### ASSIGNMENT
Where the line containing "MACKENZIE-CHILDS Galvanized Herb" appears below, begin there and reproduce each line exactly through the last one, omitting pictures.

[Records from a data collection]
++++++++++++++++++++

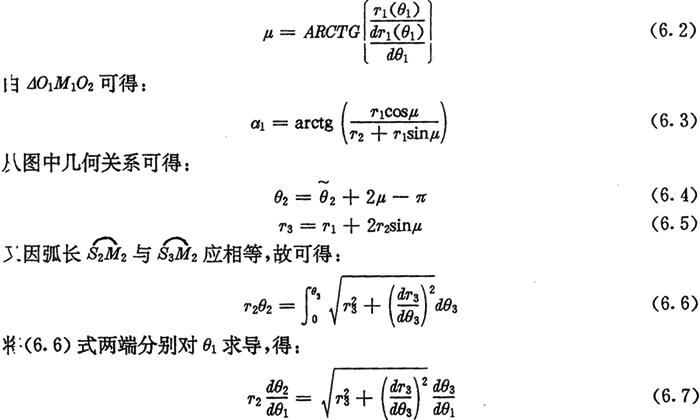 從以上設(shè)計過程可以看出,根據(jù)非圓太陽輪設(shè)計行星輪為圓的純滾動非圓行經(jīng)齒輪傳動機(jī)構(gòu)時,并不是對任意指定的太陽輪節(jié)曲線都有解。當(dāng)太陽輪節(jié)曲線的周期數(shù)n1給定后,節(jié)曲線必須有兩個可調(diào)整的參數(shù)(例中的a和b)的要由節(jié)曲線的封閉條件及輪齒等分條件來確定。齒輪模數(shù)m和太陽輪齒數(shù)z1是被預(yù)先指定了的。當(dāng)各參數(shù)求出后,要用不干涉條件(6.28)式進(jìn)行校驗,若發(fā)生干涉,應(yīng)調(diào)整z1數(shù)值,重新計算太陽輪的可調(diào)整參數(shù)。
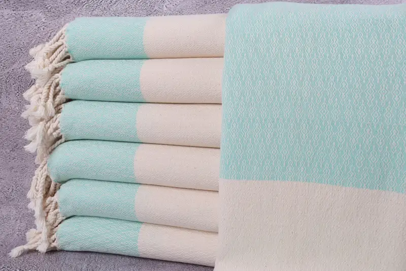 Toalla de baño turca con monograma de menta de diamante orgánico, beige, 36 x 67 pulgadas
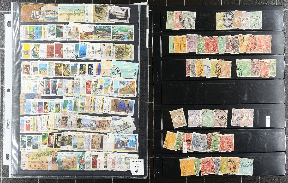 Accumulation of used Australia, 1913-2010, containing roughly 1,500 stamps in over 20 stock or album pages. The lot generally ranges from Scott #1/3288, including back of the book issues, noting roughly 40 Kangaroo issues, several KGV Heads, a decent selection of modern issues, and more. A spot check indicated some singles and sets cataloguing $10 to $20 and up, with owner's 2018 Scott catalogue value for the lot totaling US$1,598.00, leaving better finds for the dedicated collector. A nice lot that is fairly well organized, overall fine to very fine. Estimate =
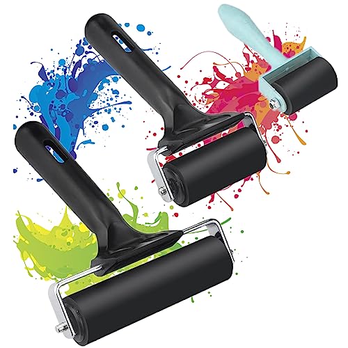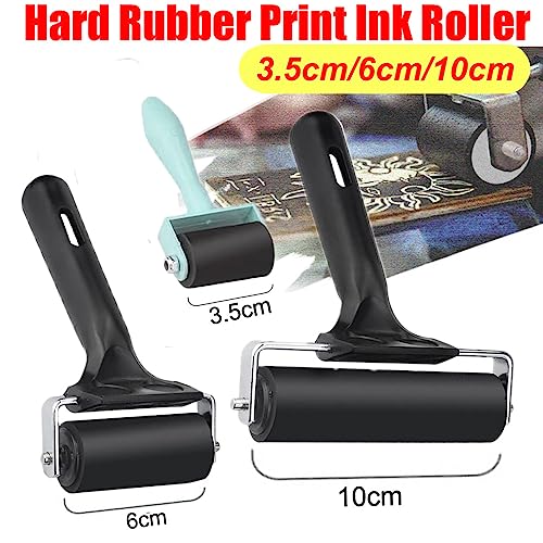 Yeemeen Rullo per Inchiostro, 3Pcs Rullo Brayer, Rullo Gomma Rigida 3,5cm 6cm 10cm con Manico per Stampaggio, Stampa, Carta da Parati e Artigianato
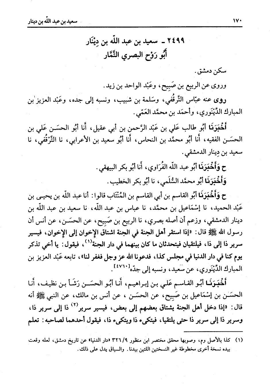 2499 - سعيد بن عبد الله بن دينار أبو روح البصري التمار سكن دمشق وروى عن الربيع بن صبيح وعبد الواحد بن زيد روى عنه عباس الترقفي وسلمة بن شبيب ونسبه إلى جده وعبد العزيز بن المبارك الدينوري وأحمد بن محمد العمي أخبرنا أبو طالب علي بن عبد الرحمن بن أبي عقيل أنا أبو الحسن علي بن الحسن الفقيه أنا أبو محمد بن النحاس أنا أبو سعيد بن الأعرابي نا الترقفي نا سعيد بن دينار الدمشقي ح وأخبرنا أبو عبد الله الفراوي أنا أبو بكر البيهقي وأخبرنا أبو محمد السلمي نا أبو بكر الخطيب ح وأخبرنا أبو القاسم بن أبي القاسم بن المنتاب قالوا أنا عبد الله بن يحيى بن عبد الحميد نا إسماعيل بن محمد نا عباس بن عبد الله نا سعيد بن عبد الله بن دينار الدمشقي وزعم أن أصله بصري نا الربيع بن صبيح عن الحسن عن أنس أن رسول الله (صلى الله عليه وسلم) قال إذا استقر أهل الجنة في الجنة اشتاق الإخوان إلى الإخوان فيسير سرير ذا إلى ذا فيلتقيان فيتحدثان ما كان بينهما في دار الجنة (1) فيقول يا أخي تذكر يوم كنا في دار الدنيا في مجلس كذا فدعونا الله عز وجل فغفر لنا تابعه عبد العزيز بن المبارك الدنيوري عن سعيد ونسبه إلى جده أخبرنا أبو القاسم علي بن إبراهيم أنا أبو الحسن رشأ بن نظيف أنا الحسن بن إسماعيل بن صبيح عن الحسن عن أنس بن مالك عن النبي (صلى الله عليه وسلم) أنه قال إذا دخل أهل الجنة يشتاق بعضهم إلى بعض فيسير سرير ذا إلى سرير ذا وسرير (2) ذا إلى سرير ذا حتى يلتقيا فيتكئ ذا ويتكئ ذا فيقول أحدهما لصحابه تعلم
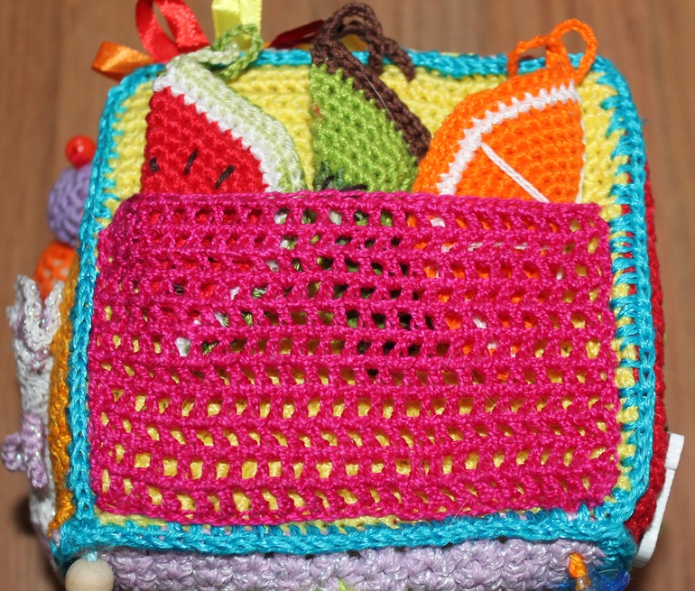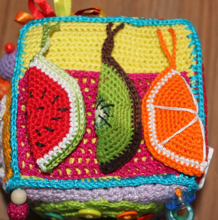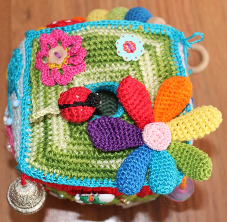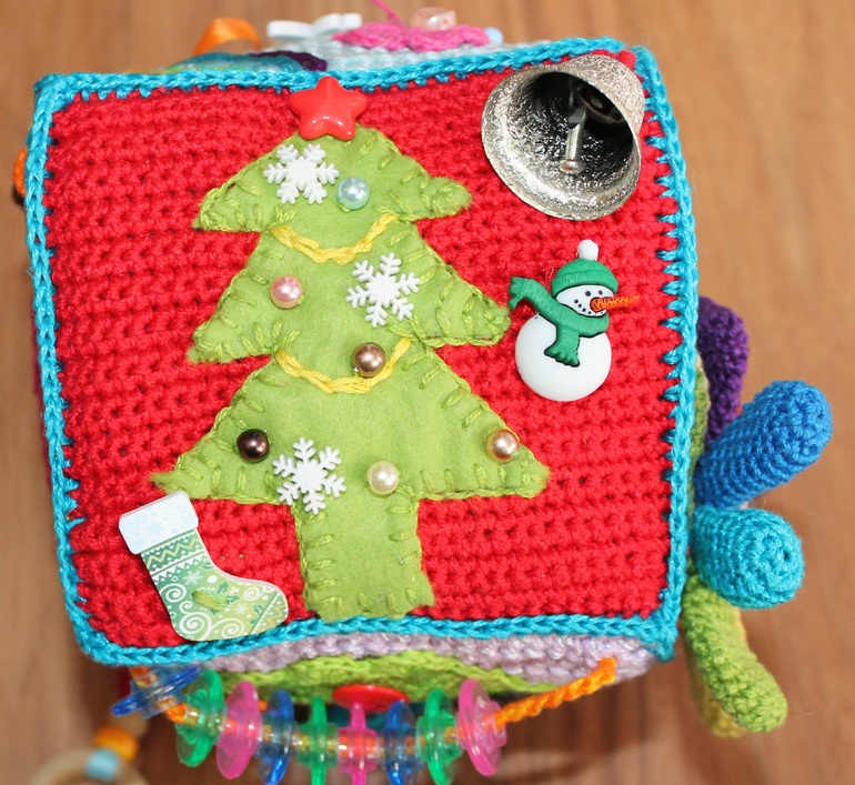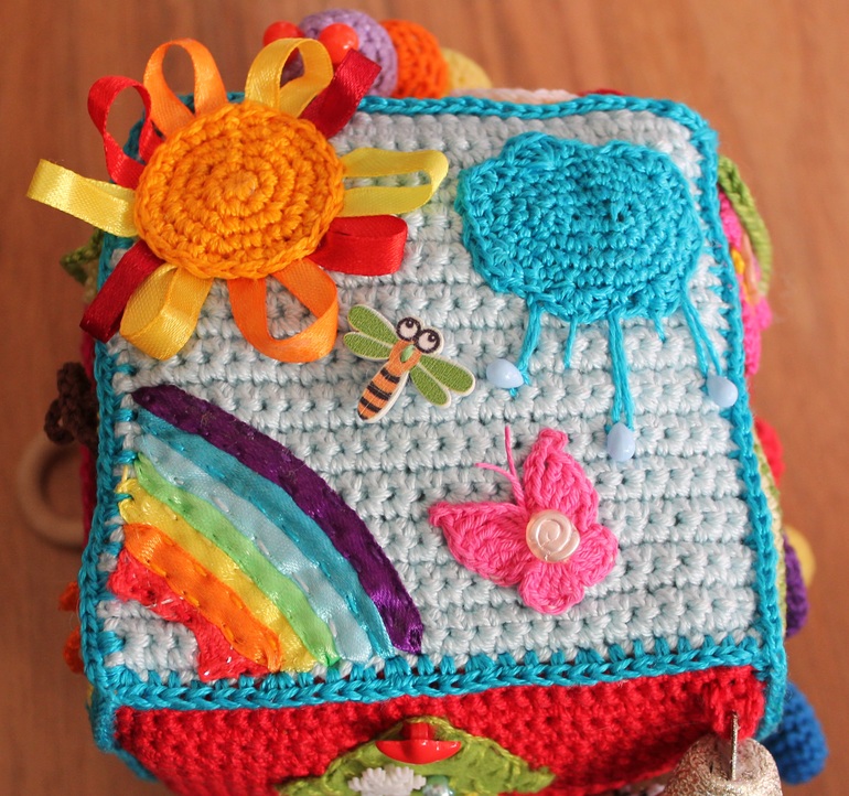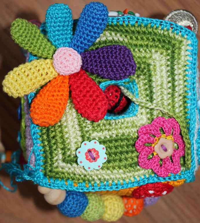 Вот и все! 6 сторон = 6 идей. Внутри кубика поролон+синтепон, баночки из под киндеров с горохом, фасолью и прочими гремелками.
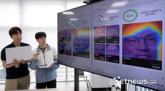 제21대 대통령선거를 앞두고 딥페이크 기술을 악용한 디지털 범죄에 대한 우려가 커지면서 업계가 관련 기술 연구에 매진하고 있다. 경기 과천시 샌즈랩에서 연구원이 딥페이크 합성 탐지 솔루션 '페이크체크'의 기능을 테스트하고 있다. 김민수기자 mskim@etnews.com [Copyright © 전자신문. 무단전재-재배포금지]
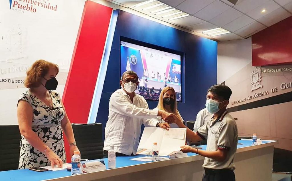 Chilpancingo, Gro. Martes 19 de julio, 2022.- El rector de la Universidad Autónoma de Guerrero, José Alfredo Romero Olea entregó el pago de las Becas Estudiantiles a jóvenes de Nivel Medio Superior que participarán en el Noveno Verano de Investigación Científica de la UAGro a realizarse en su mayoría, de manera virtual, por los efectos de la quinta ola de la pandemia del Covid-19.
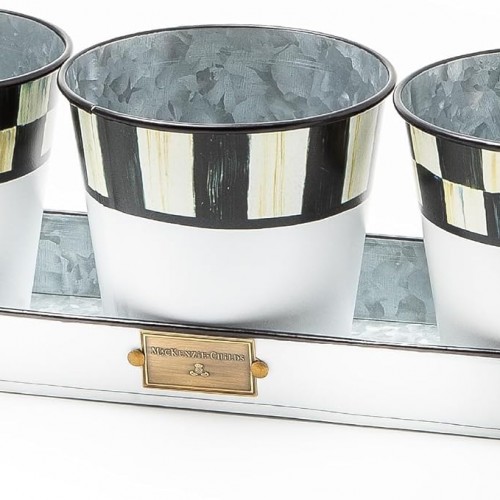 MACKENZIE-CHILDS Galvanized Herb Pots with Tray, Metal Herb Planters, Set of 3, Spectator
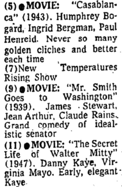 11/6/73 at 8 pm. Something I've never seen, three stone classics going head-to-head in prime time on all three of NYC's independent VHF stations. It was Election Night, and WOR offered THE LAST HURRAH at 11 pm for a chaser.

++++++++++++++++++++

### WRITTEN RESPONSE
 MACKENZIE-CHILDS Galvanized Herb Pots with Tray, Metal Herb Planters, Set of 3, Spectator
 11/6/73 at 8 pm. Something I've never seen, three stone classics going head-to-head in prime time on all three of NYC's independent VHF stations. It was Election Night, and WOR offered THE LAST HURRAH at 11 pm for a chaser.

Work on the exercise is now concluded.